Your perfect day will include all of the things that bring you joy. Some ideas include going for a walk, treating yourself to your favorite coffee or smoothie, writing, yoga, sauna, have lunch with a friend, cast vision for your life, reading scriptures or positive quotes. Find quiet and solace in a bookstore or library and grab books filled with quotes and inspiration that fill your soul. You can also make sure on these days to schedule appointments that will make sure your body is as high functioning as it can be so that I will be strong and able bodied for your grandchildren and their children. Schedule an appointment with your therapist and at the chiropractor for these days. Healthy spine, healthy you. And seeing a therapist is what healthy people do. Seriously. It is so cathartic to feel truly heard and seen by someone. Lunch with your best friend can also serve this purpose.
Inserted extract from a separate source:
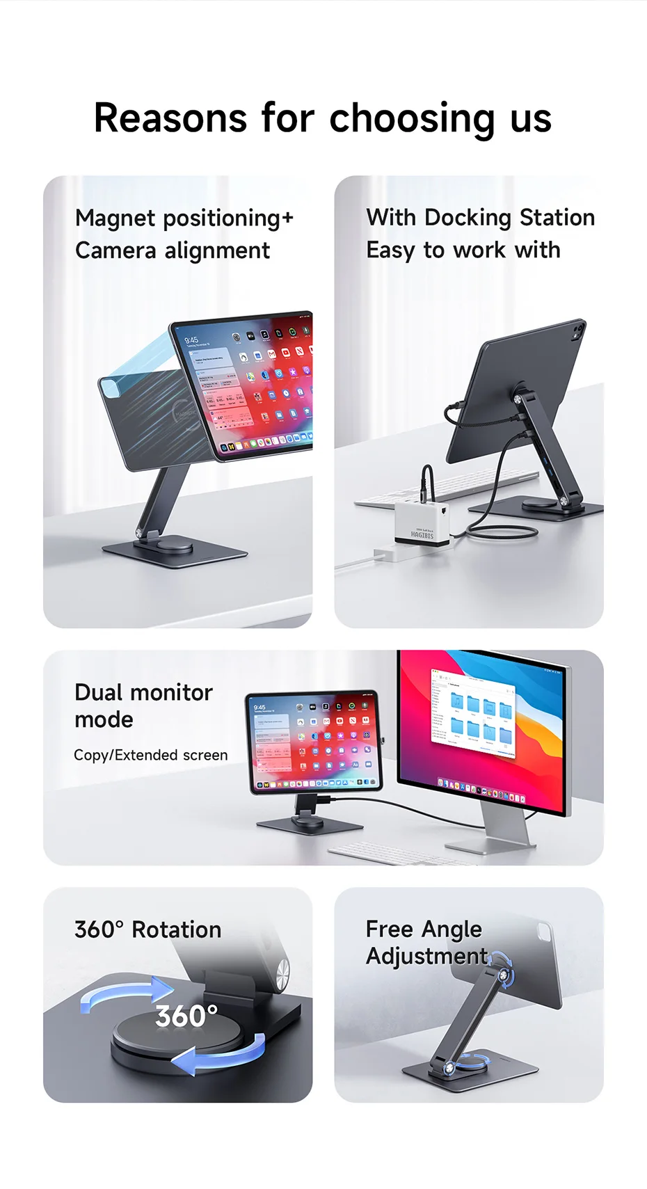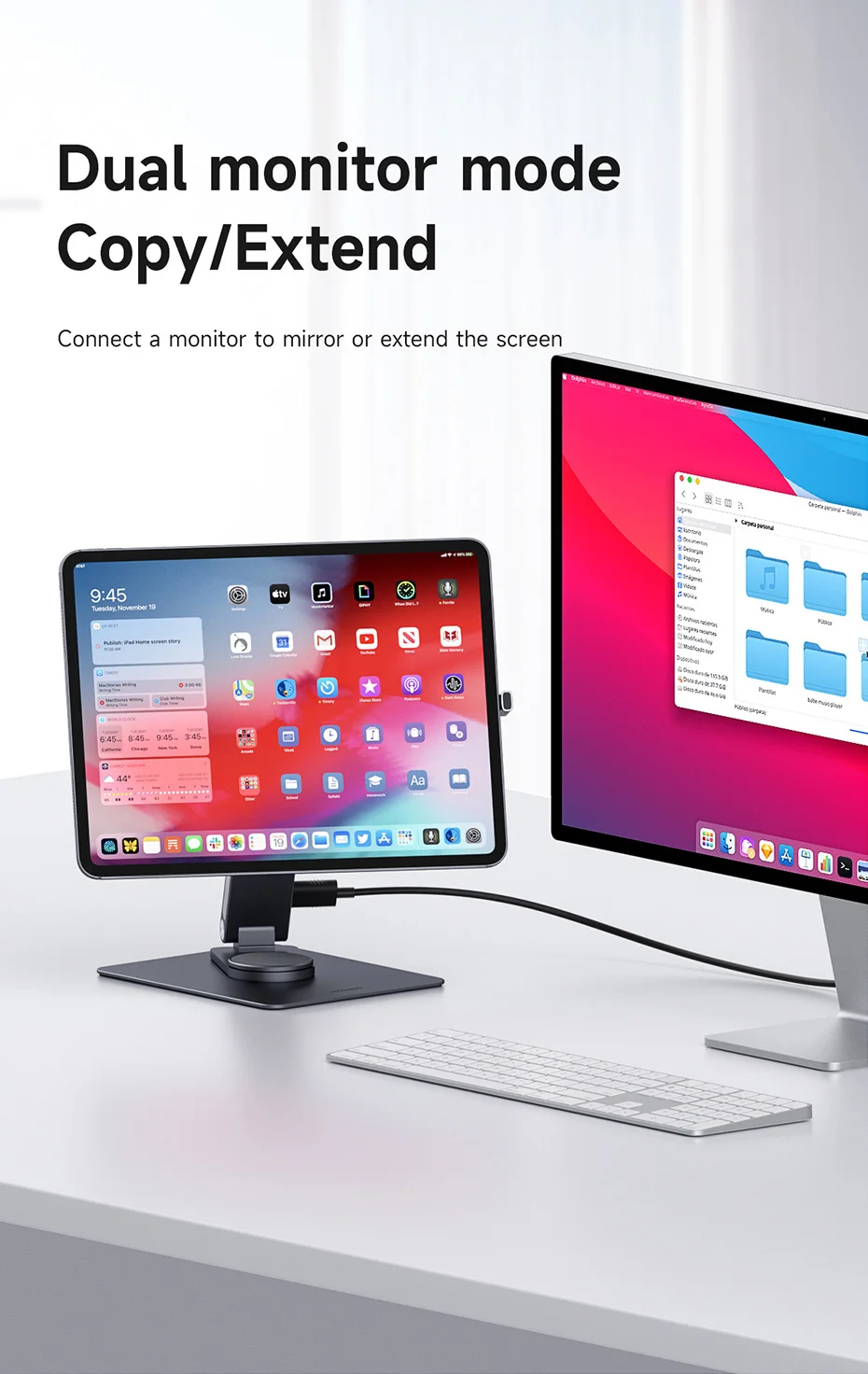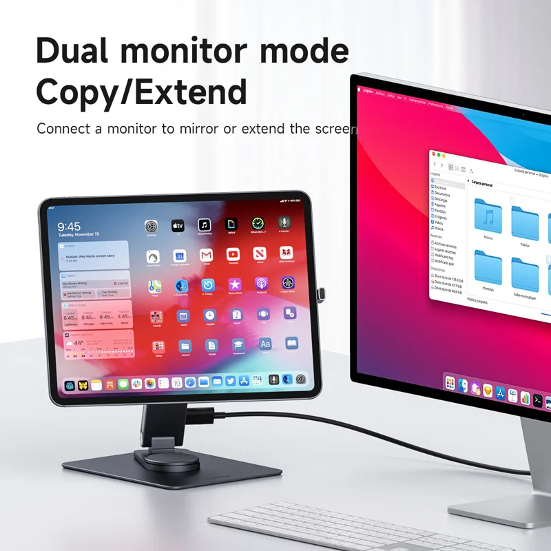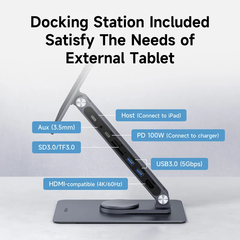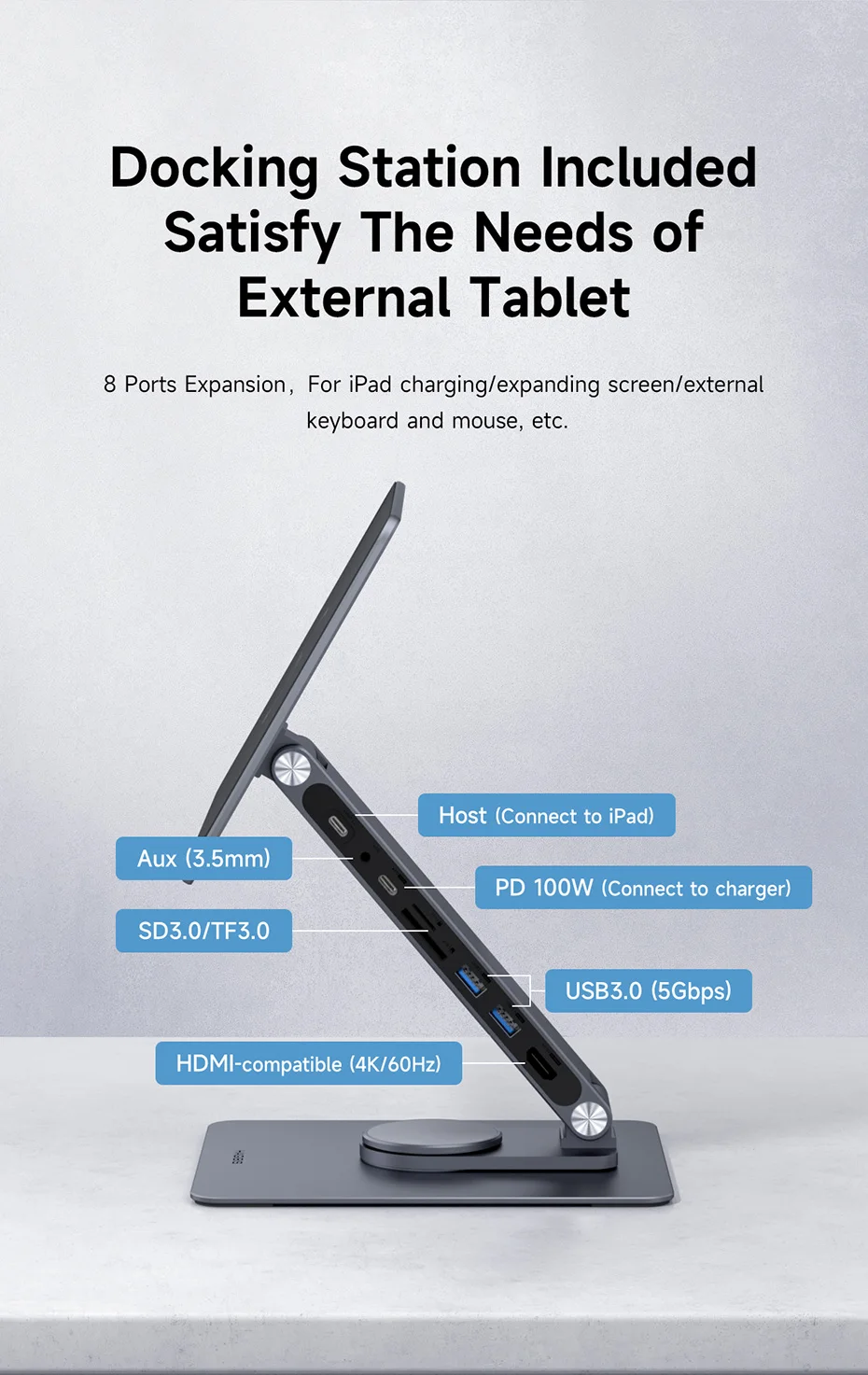Comprar Hagibis-soporte magnético para iPad Pro M4 2024, 11 pulgadas, 13 pulgadas, con estación de acoplamiento para tableta Hub, montaje ajustable de 360 °, soporte plegable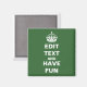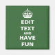 Modifiez le texte pour créer votre propre aimant parodique "Keep Calm and Carry On". Cliquez sur "Customiser" puis sur "Modifier" pour changer l'arrière - plan en couleur !

When creating your list of things that bring your joy, be sure to incorporate visiting new places. It can be so inspiring to try new things and go on a short adventure. Go try that new restaurant for lunch that you’ve been dying to try. Anything life-giving. Outdoor walks. Time in the sunshine (vitamin D).

Consider what larger cities you live near. I live near Nashville, so love going to the zoo or Cheekwood or walking a trail at Radnor Lake, with NO TIME PRESSURE. I love simple things like going to Target at a time when it isn’t crowded or busy and I can linger on each aisle as long as I like (in particular I love the “good Target’) and Trader Joes on White Bridge Road in Nashville. I love Raising Cane’s. I love lattes and flat whites.

What does your perfect day look like? What aspects of designing a perfect day struck a chord with you? I hope this dive into designing your perfect day has inspired you to consider your own. Do you take days like this for yourself? What could you start putting into place so that you could incorporate days like this into your life? Do you see the value in it? Can you visualize it? Making lists of things that spark joy for you is a great place to start. Be intentional about scheduling days like this for yourself. Block them off on your calendar and stick to it. You will be so glad that you did.